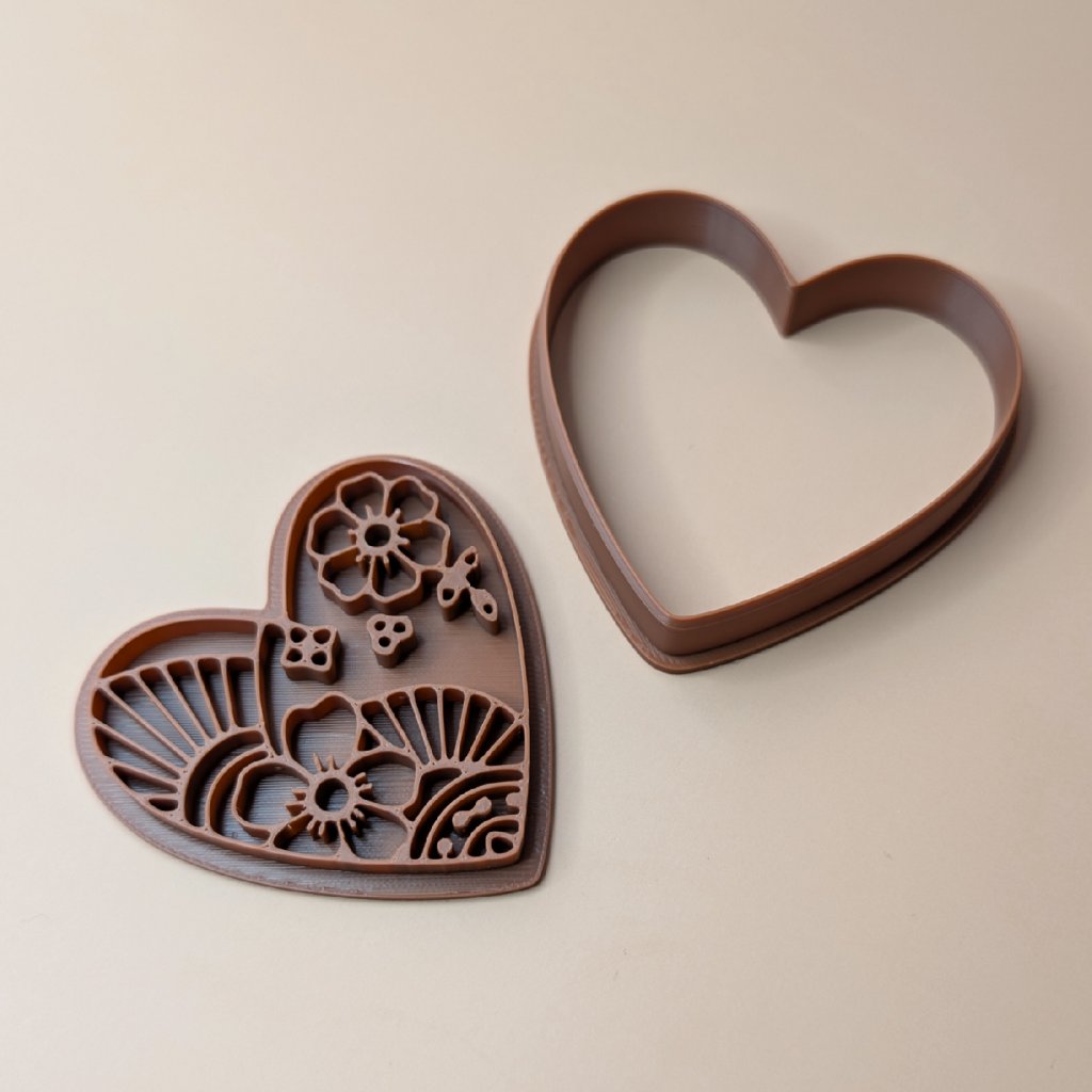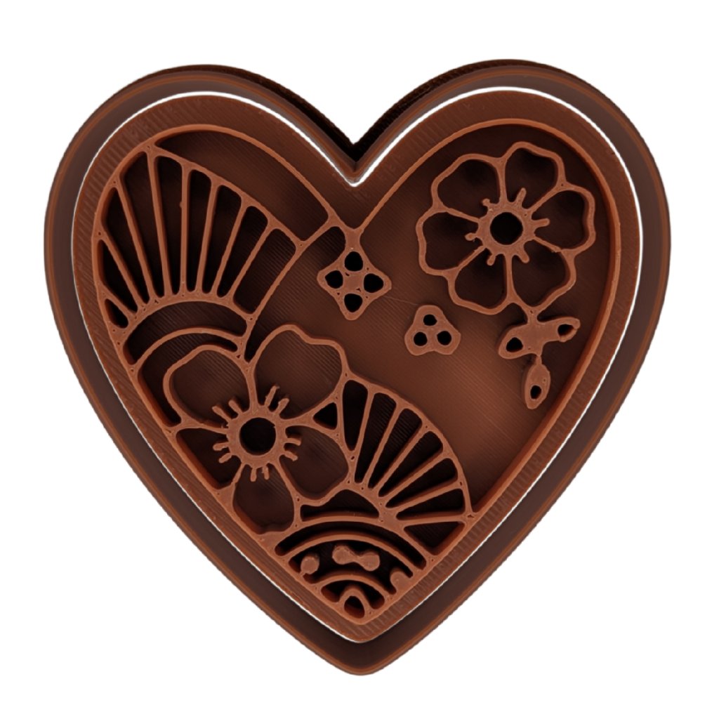 Vykrajovátko s razítkem Srdce s kytičkami | Květinový motiv v srdci
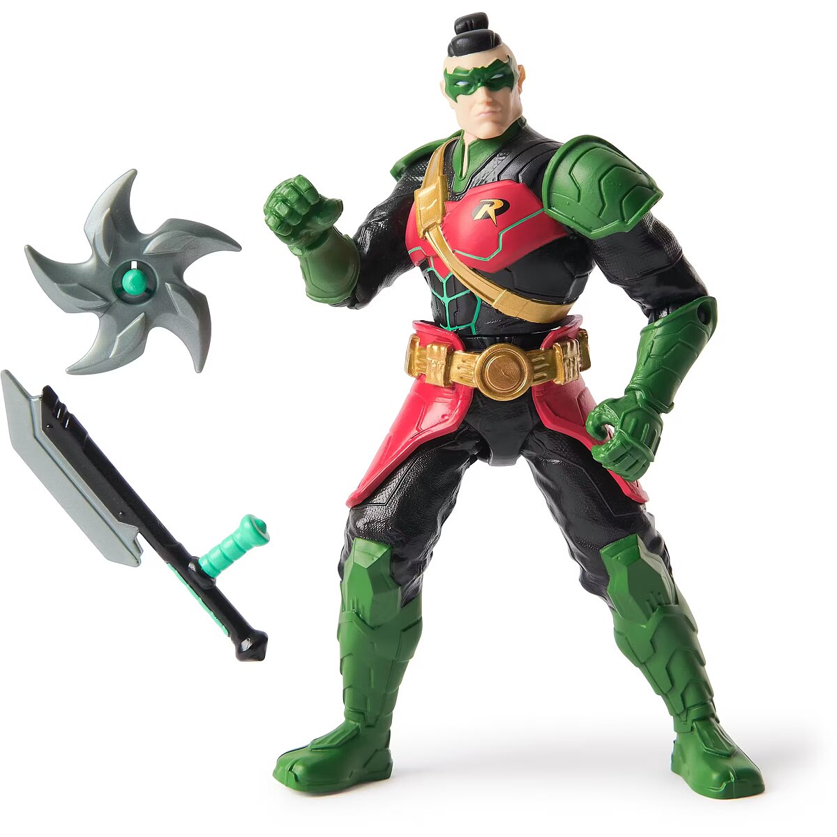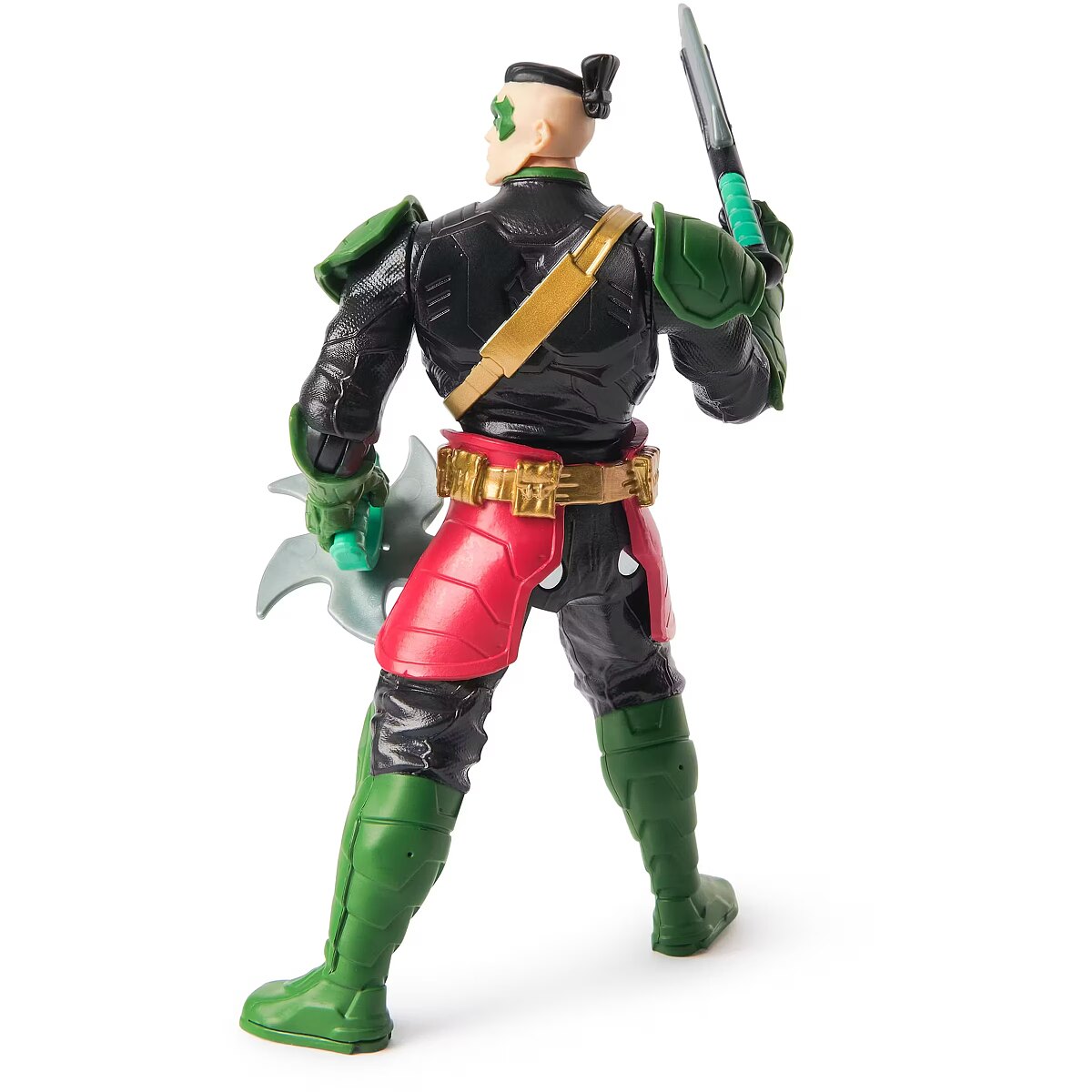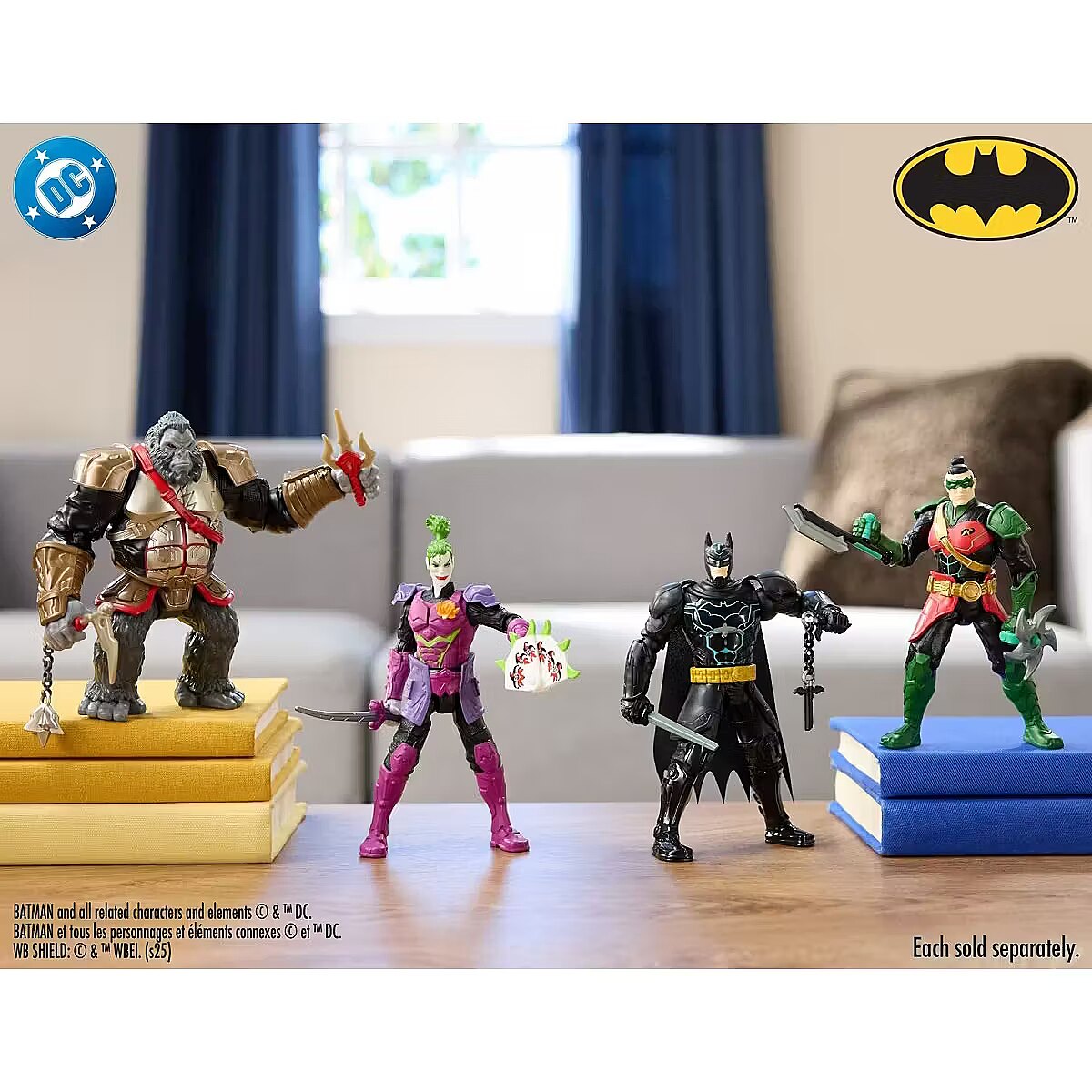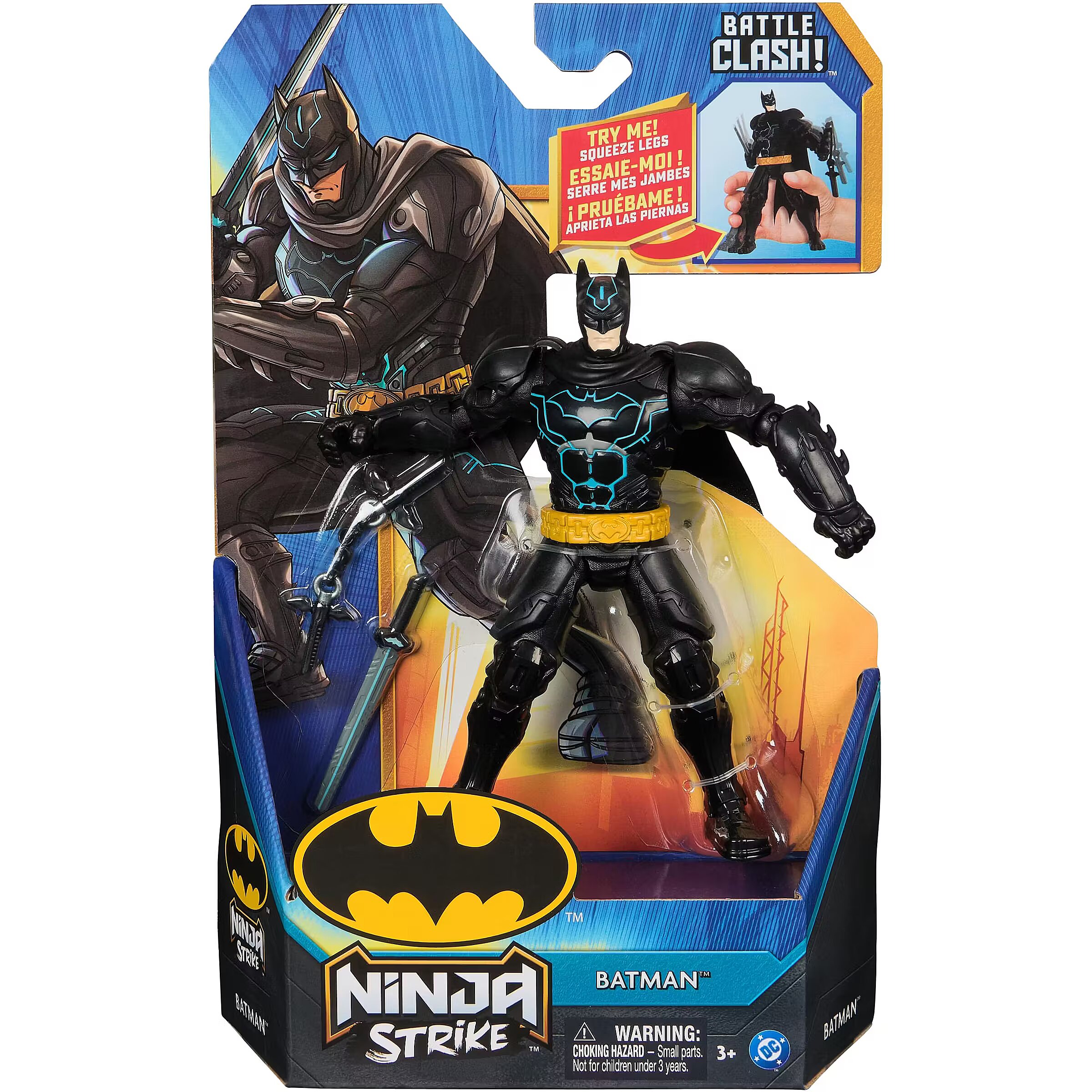 Description - Batman Ninja: Action Figure with Accessories - Assortment Bring your favorite DC Comics superhero battle scenes to life with the 15 cm Batman Ninja Strike Battle Clash figure, an exciting addition to any DC action figure set or collection. This dynamic 15 cm figure lets you recreate epic battle scenes at home. A single press of the legs activates an exciting battle feature, bringing kids imaginative stories to life. The figure comes with two ninja accessories, allowing for endless storytelling possibilities. Equip your figure with weapons and ninja gear, then squeeze its legs to see it strike. The movable head adds realism, making this figure perfect for creating your own adventures. Dive into the DC multiverse with this immersive toy and reenact epic battles with realistic attacks. Kids can use their imagination to play and create their own superhero stories. Perfect as a birthday gift, holiday wish-list item, special-occasion present, or an addition to any boys action figure collection. Combine these superhero toys with DC Comics superhero vehicles or face off against their enemies (each sold separately). Bring home the Batman Ninja Strike Battle Clash figure today and take superhero play to the next level. Various designs. Product shipped at random; selection of a specific model is not possible. Price applies to 1 piece.
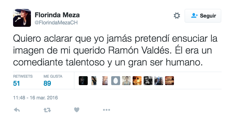 Tras sus declaraciones, la viuda de Roberto Gómez Bolaños ‘Chespirito’, recurrió a su cuenta de Twitter para disculparse con la familia de Ramón Valdés.
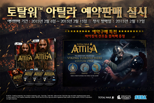 ... 이번 예약 구매자에게는 '토탈워: 아틸라'의 첫번째 DLC인 '바이킹의 선조들' 컬쳐팩을 무료로 제공한다. 본 DLC는 고유의 영토, 해군 유닛, 미션, 문화 특성을 가진 예어트, 데인, 주트 세 개의 북유럽 팩션을 포함한다. '토탈워: 아틸라'는 오는 17일 정식 발
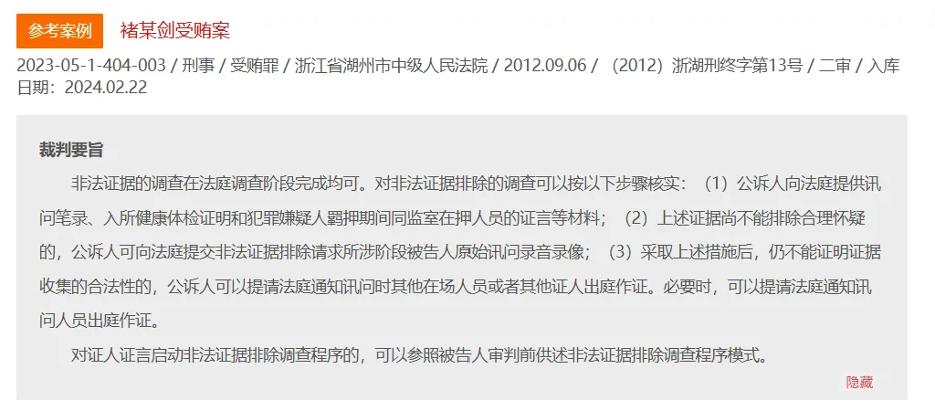 以上特点决定了职务犯罪案件的“排非”现状——被调查人很难提供“非法证据相关线索或材料”,“排非”成功可能性小之又小,所以我们通过公开途径能检索到的相关成功案例也少之又少。最高人民法院刑二庭编著的《职务犯罪审判指导》迄今为止已经出了4辑,其中刊载了56篇基于典型案例的法律适用分析文章,没有一篇论及过“排非”问题;人民法院案例库中收录的近200则案例中,仅有褚某剑受贿案一则的主题为“排非”相关——“法院如何审查受贿案件辩方提出的非法证据排除申请”,而且该案当事人最后也没有“排非”成功。
★ ★ ★ ★ ★
_WORK TO COMPLETE_:
Every line above is to be duplicated exactly; no picture should be carried over.

_FINAL ANSWER_:
 Vykrajovátko s razítkem Srdce s kytičkami | Květinový motiv v srdci
 Description - Batman Ninja: Action Figure with Accessories - Assortment Bring your favorite DC Comics superhero battle scenes to life with the 15 cm Batman Ninja Strike Battle Clash figure, an exciting addition to any DC action figure set or collection. This dynamic 15 cm figure lets you recreate epic battle scenes at home. A single press of the legs activates an exciting battle feature, bringing kids imaginative stories to life. The figure comes with two ninja accessories, allowing for endless storytelling possibilities. Equip your figure with weapons and ninja gear, then squeeze its legs to see it strike. The movable head adds realism, making this figure perfect for creating your own adventures. Dive into the DC multiverse with this immersive toy and reenact epic battles with realistic attacks. Kids can use their imagination to play and create their own superhero stories. Perfect as a birthday gift, holiday wish-list item, special-occasion present, or an addition to any boys action figure collection. Combine these superhero toys with DC Comics superhero vehicles or face off against their enemies (each sold separately). Bring home the Batman Ninja Strike Battle Clash figure today and take superhero play to the next level. Various designs. Product shipped at random; selection of a specific model is not possible. Price applies to 1 piece.
 Tras sus declaraciones, la viuda de Roberto Gómez Bolaños ‘Chespirito’, recurrió a su cuenta de Twitter para disculparse con la familia de Ramón Valdés.
 ... 이번 예약 구매자에게는 '토탈워: 아틸라'의 첫번째 DLC인 '바이킹의 선조들' 컬쳐팩을 무료로 제공한다. 본 DLC는 고유의 영토, 해군 유닛, 미션, 문화 특성을 가진 예어트, 데인, 주트 세 개의 북유럽 팩션을 포함한다. '토탈워: 아틸라'는 오는 17일 정식 발
 以上特点决定了职务犯罪案件的“排非”现状——被调查人很难提供“非法证据相关线索或材料”,“排非”成功可能性小之又小,所以我们通过公开途径能检索到的相关成功案例也少之又少。最高人民法院刑二庭编著的《职务犯罪审判指导》迄今为止已经出了4辑,其中刊载了56篇基于典型案例的法律适用分析文章,没有一篇论及过“排非”问题;人民法院案例库中收录的近200则案例中,仅有褚某剑受贿案一则的主题为“排非”相关——“法院如何审查受贿案件辩方提出的非法证据排除申请”,而且该案当事人最后也没有“排非”成功。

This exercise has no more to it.